Segment Start: Dataset records

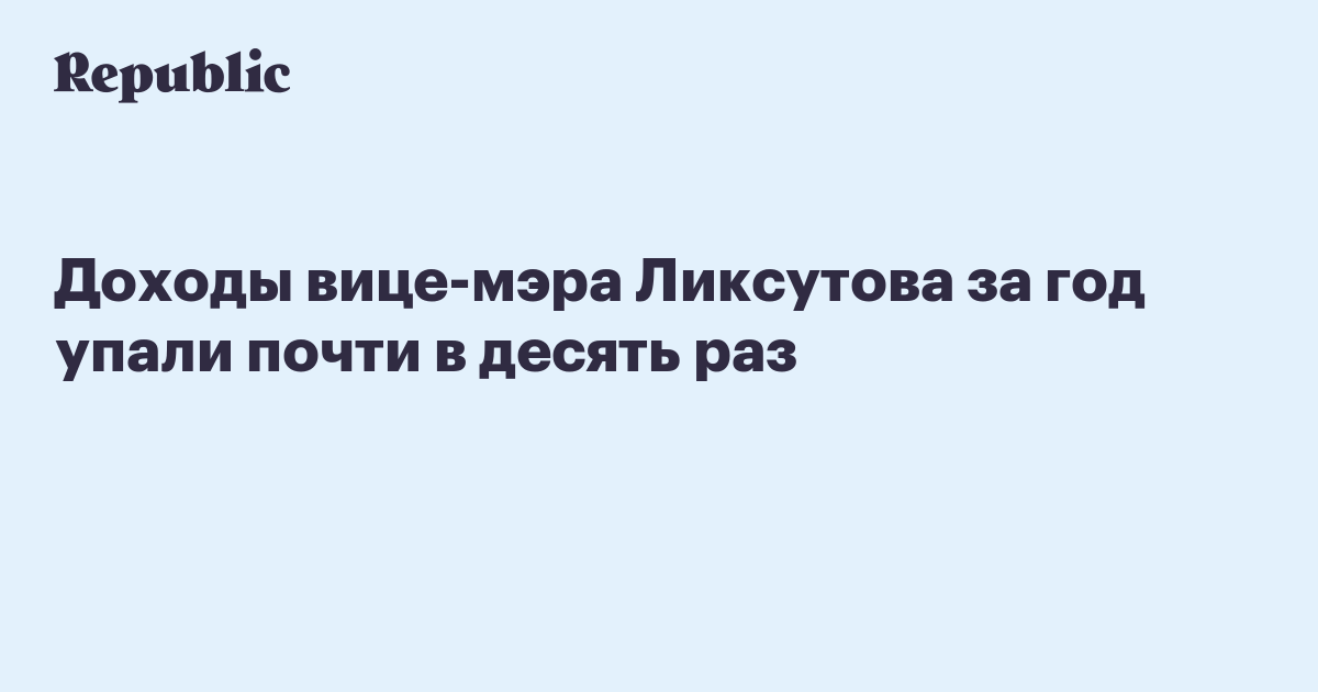 Доходы вице-мэра Ликсутова за год упали почти в десять раз
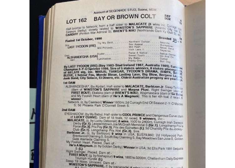 Mahogany's Magic Millions 1992 catalogue page | Image courtesy of David Chester
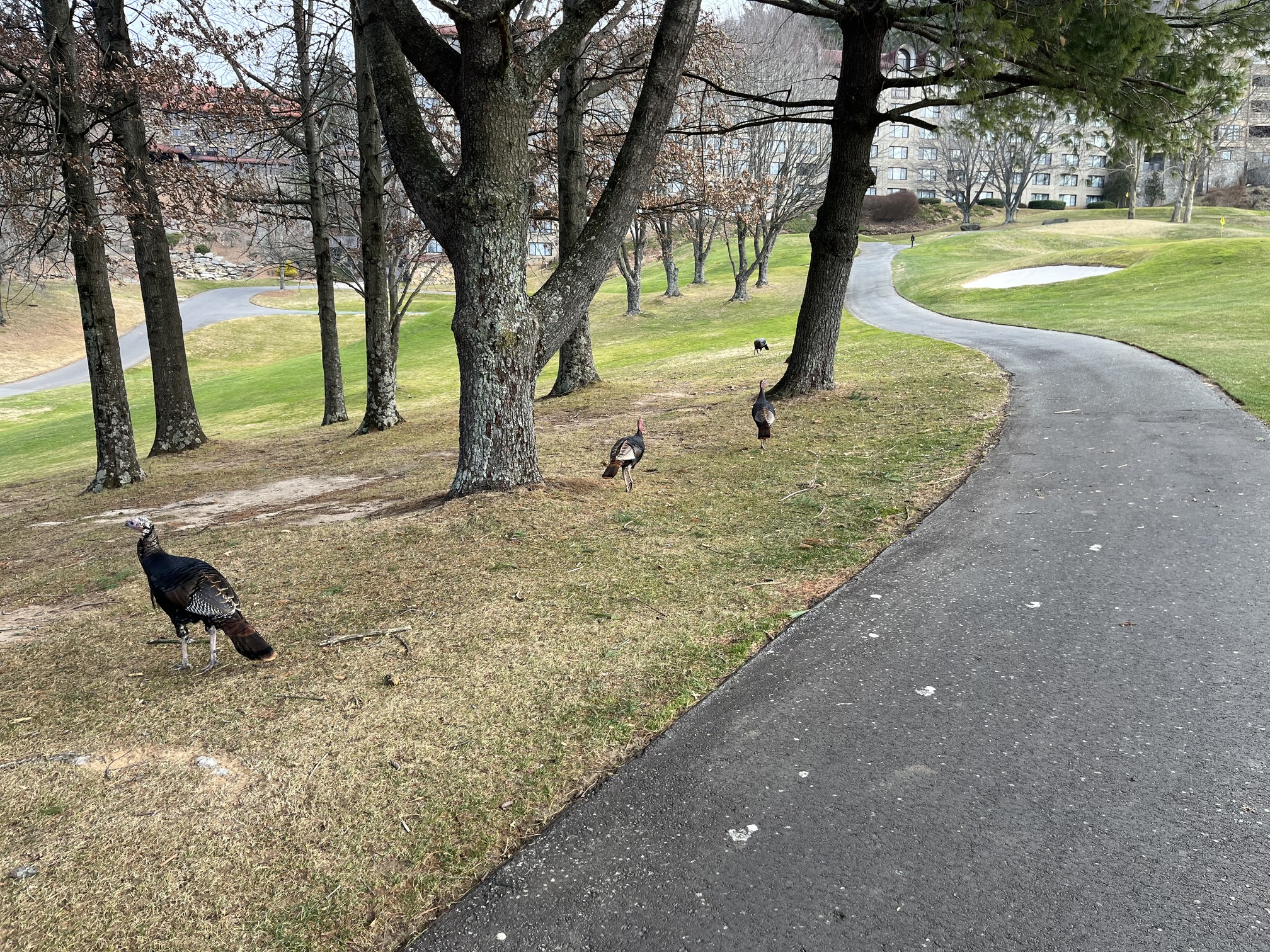 Shot of the day was on 17. It’s a short par 3. 101 from the front tees. Mom hit driver and it rolled up to about 3 feet. Sadly, she didn’t cash in. The turkeys were the only birds to be found.
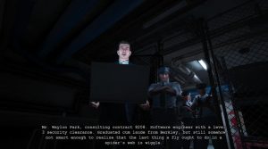 There’s also a face to the corporate villainy for the first time with the introduction of Jeremy Blaire, a sadistic, sociopathic hate sink who doesn’t even have the excuse of being certifiably insane. Several of the pursuers from the original game also drop in to say hi, before trying to stab you/rip your head off. You even explore some of the same areas as Miles, only you enter and exit via different routes, since you traversed them at different times. This never feels self-indulgent, or like Whistleblower is recycling content, but a really neat way of recontextualizing environments that you’ve already seen, and besides, while the developers certainly put the ‘Massive’ in Mount Massive Asylum, it only makes sense that Miles and Waylon would cover some of the same ground.
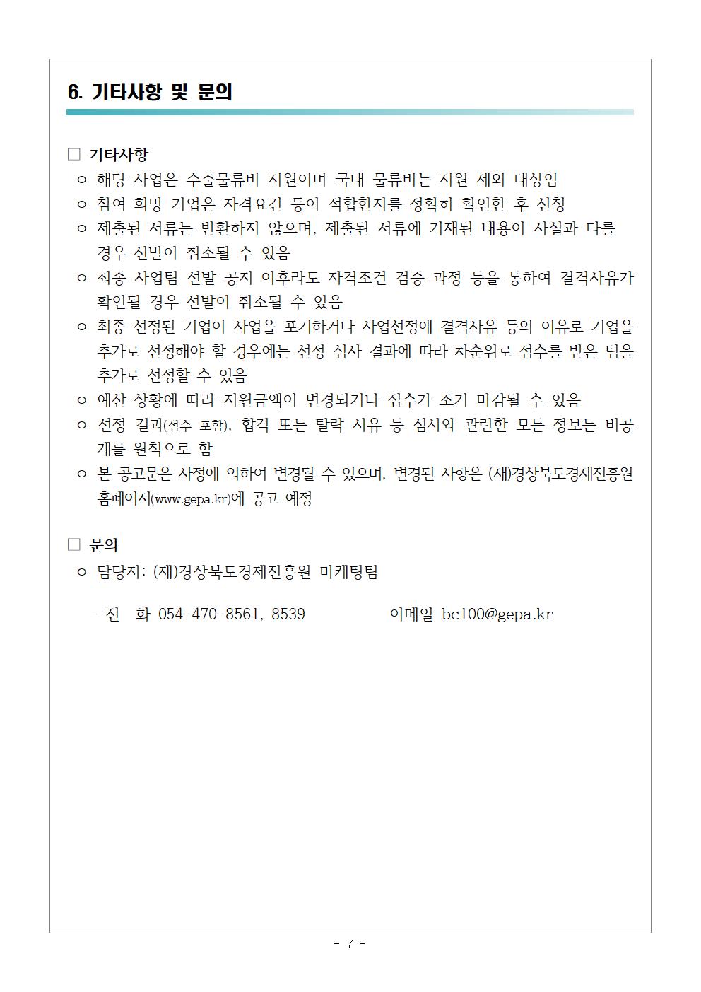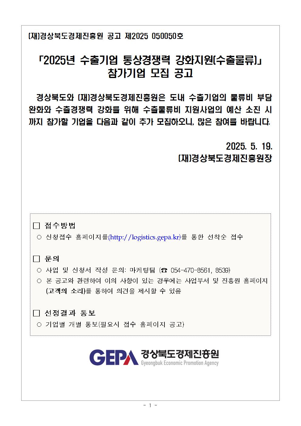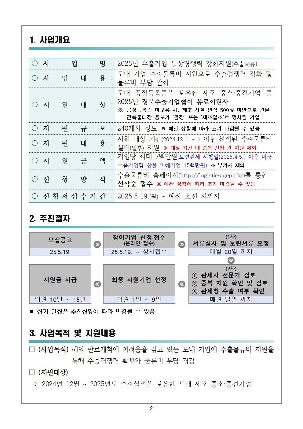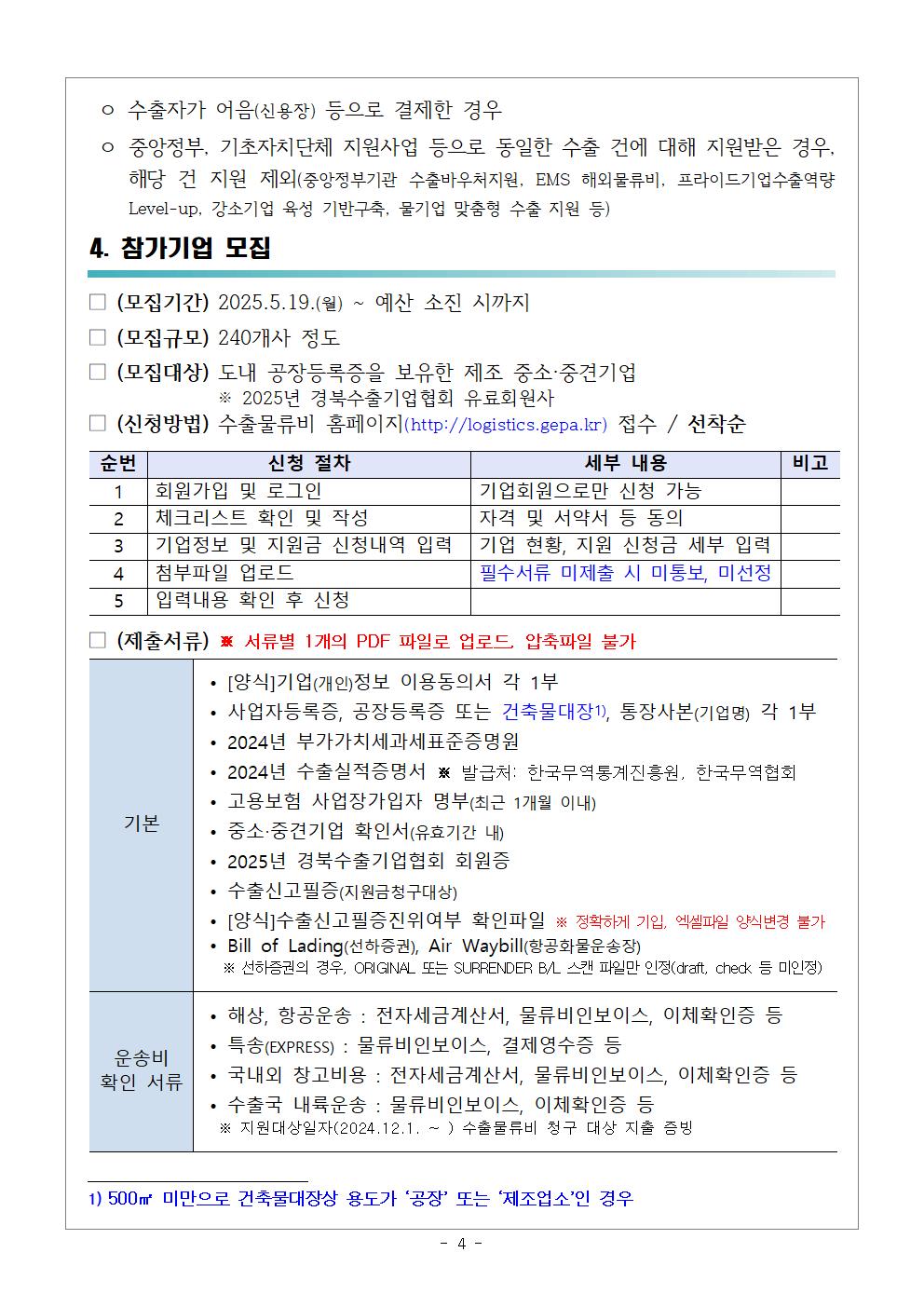 경북도내 중소‧중견 기업의 수출 물류비 부담 경감 목적으로 새로운도약을 시작합니다.
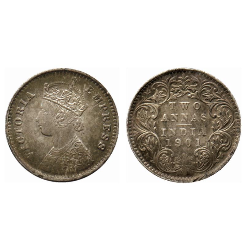 Victoria Empress, Silver 2 Annas, 1901, Bombay Mint, B/I, B incused. GK 816.

Segment End: Dataset records

* _Problem details_:
None of the pictures should appear; repeat the records exactly otherwise.

* _Problem solution_:
 Доходы вице-мэра Ликсутова за год упали почти в десять раз
 Mahogany's Magic Millions 1992 catalogue page | Image courtesy of David Chester
 Shot of the day was on 17. It’s a short par 3. 101 from the front tees. Mom hit driver and it rolled up to about 3 feet. Sadly, she didn’t cash in. The turkeys were the only birds to be found.
 There’s also a face to the corporate villainy for the first time with the introduction of Jeremy Blaire, a sadistic, sociopathic hate sink who doesn’t even have the excuse of being certifiably insane. Several of the pursuers from the original game also drop in to say hi, before trying to stab you/rip your head off. You even explore some of the same areas as Miles, only you enter and exit via different routes, since you traversed them at different times. This never feels self-indulgent, or like Whistleblower is recycling content, but a really neat way of recontextualizing environments that you’ve already seen, and besides, while the developers certainly put the ‘Massive’ in Mount Massive Asylum, it only makes sense that Miles and Waylon would cover some of the same ground.
 경북도내 중소‧중견 기업의 수출 물류비 부담 경감 목적으로 새로운도약을 시작합니다.
 Victoria Empress, Silver 2 Annas, 1901, Bombay Mint, B/I, B incused. GK 816.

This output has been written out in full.